CANBERRA OBSERVED: News Weekly
Behind the skills shortage in the not-so-clever country
, March 26, 2005
The strong Australian economy, including the country's longest running housing boom, has exposed a national disgrace which has been brewing for more than two decades - the lack of a comprehensive and far-sighted approach to training in traditional apprenticeships.
Anyone would think that the problem has just suddenly surfaced in the past couple of months, judging by the number of people who have become experts on the "skills crisis".
Indeed, Treasurer Peter Costello was correct in telling Liberal and National Party MPs recently that it seemed as if "every parrot in every pet shop is talking about skills".
However, the fact is there is nothing new about the "skills crisis", and whereas the Howard Government and the Labor Opposition have been pointing the finger at each other, the culprits are many and are not confined to the major political parties.

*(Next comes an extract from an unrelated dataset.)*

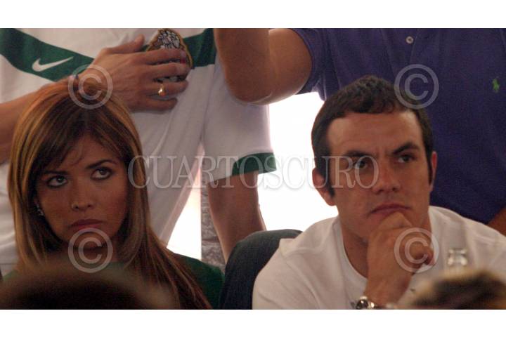 MÉXICO, D.F. 16JUNIO2006.- El futbolista Cuauhtémoc Blanco, presenció en su restaurante al sur de la ciudad, el partido de futbol entre la Selección Nacional y su similar de Angola, acompañado de la conductora Lili Brillanti. FOTO: Pedro Kristian López/CUARTOSCURO.COM
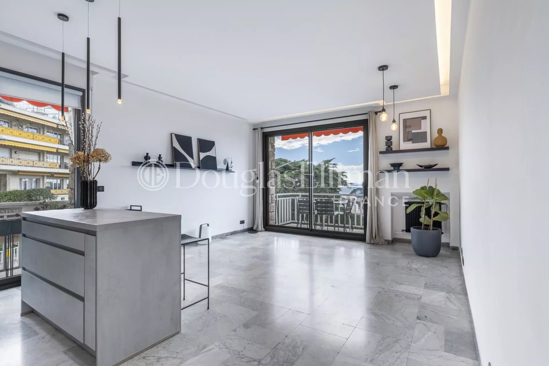 L'appartement, situé au deuxième étage, est entièrement rénové avec des beaux matériaux, est composé de trois pièces principales, dont deux chambres avec balcon, un living-room avec cuisine américaine, une terrasse avec vue mer et ville panoramique, une salle de douche avec W.C et un W.C invité.

Prime Minister John Howard also tried to deflect criticism from his Government by claiming that the skills crisis was merely a product of an "economy running at full capacity".

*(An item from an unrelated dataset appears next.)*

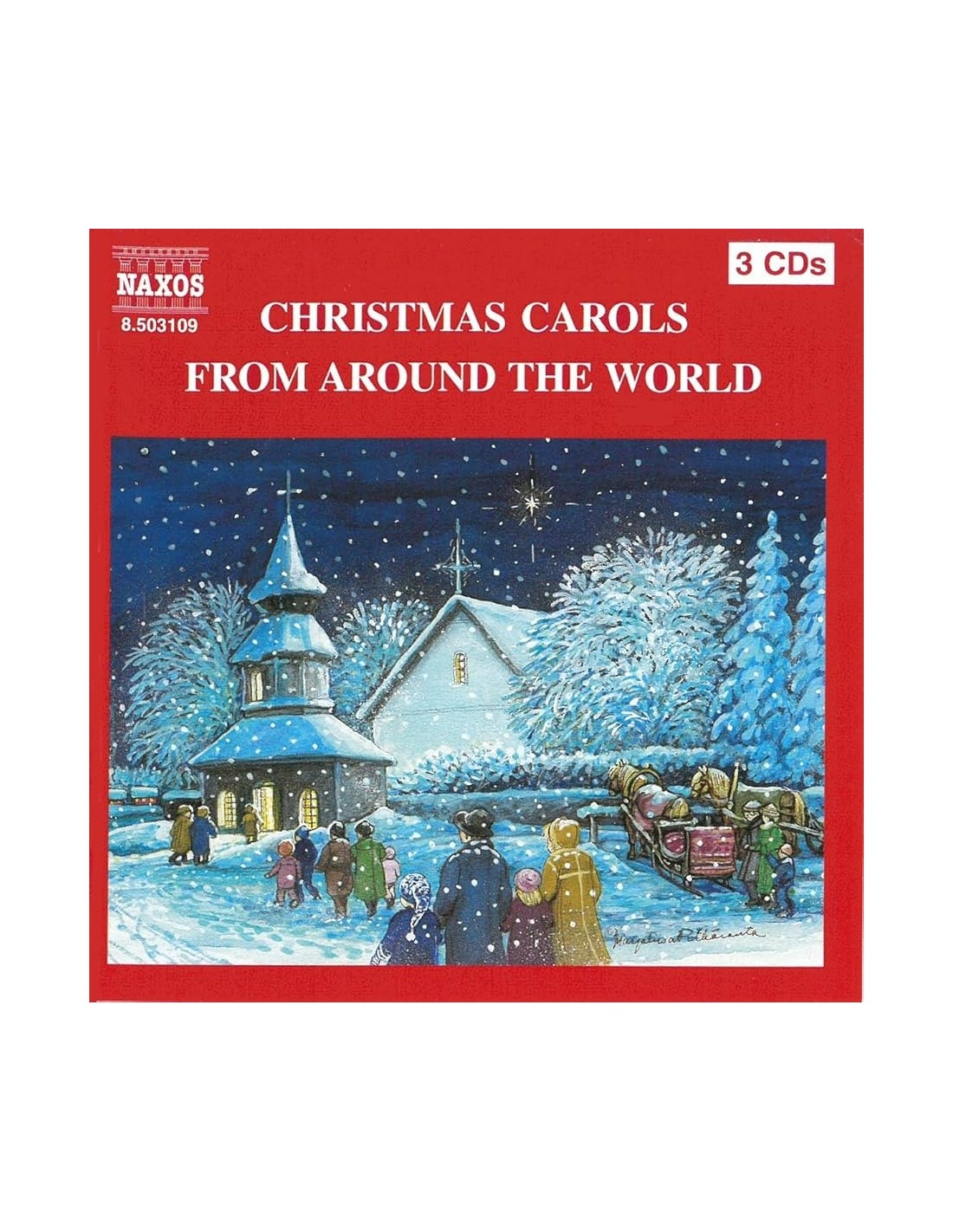 Box mit drei Audio-CDs, Christmas Carols Around the World ist eine Zusammenstellung von Weihnachtsmusik und Weihnachtsliedern aus verschiedenen Orten auf der ganzen Welt: Frankreich, Großbritannien, Vereinigte Staaten von Amerika, Dänemark, Kanada, Finnland... Mehr 3 unvergessliche Stunden für einen einzigartiges Weihnachten.

But the problems run much deeper and will remain even if the economy slows and unemployment creeps back up again - as it appears it is already doing.
The real culprits include corporate Australia; changing demographics, particularly the ageing population; years of government neglect of older workers who have been laid off during the long period of the destruction of Australian manufacturing industry; and an education system which has shown a disdain for technical and non-academic qualifications.
The culprits also include the bi-partisan push for privatisation of government enterprises, such as in the defence and electricity industries, and a similar bi-partisan push to run down others such as the railways.
They also include the private sector where large companies such as BHP have all but abandoned what they once saw as a social obligation to employ large numbers of apprentices each year, in good times and in bad.
Certainly, the former Hawke-Keating Labor Government appeared to fall for the idea that a university education was the key to success for school graduates - however dubious the degree.
Labor also was enthusiastic about creating many "new" universities from former colleges of advanced education, and in pushing the number of people who attained Year 12 to record numbers whether this was appropriate or not.
But the Keating "Clever Country" has given way to the "Skill-less Country" because, while there are record numbers matriculating into university, students have also shunned traditional trades or not been able to find employers to take them on.
The Howard Government, which is approaching a decade in office, cannot continue to blame the former Labor administration every time something goes wrong.
For some time, particularly under former federal Education Minister David Kemp, it has boasted about the record number of "new apprenticeships" it had helped create.
The Government was still boasting as recently as last week that there were 393,000 apprentices being trained in Australia, compared with only 144,000 in the last year of the Keating Government.
At the last election, it also promised to establish 24 new technical colleges throughout Australia - running a dual system virtually in competition with the states.
Recently, it has also flagged the idea of importing up to 20,000 new migrants each year with ready-made qualifications - as an emergency measure.
But the Howard Government has also permitted the establishment of "new trades", such as truck-driving, sales, cocktail-bar waiting, and fast-food service in response to what it says is market demand for jobs.
Labor criticism of the Government's new trades has provoked claims from Mr Howard that they are guilty of being "job snobs".
But name-calling and blame-shifting will not solve the problem, and it appears that the Coalition itself has been exposed for realising the extent of the problem far too late.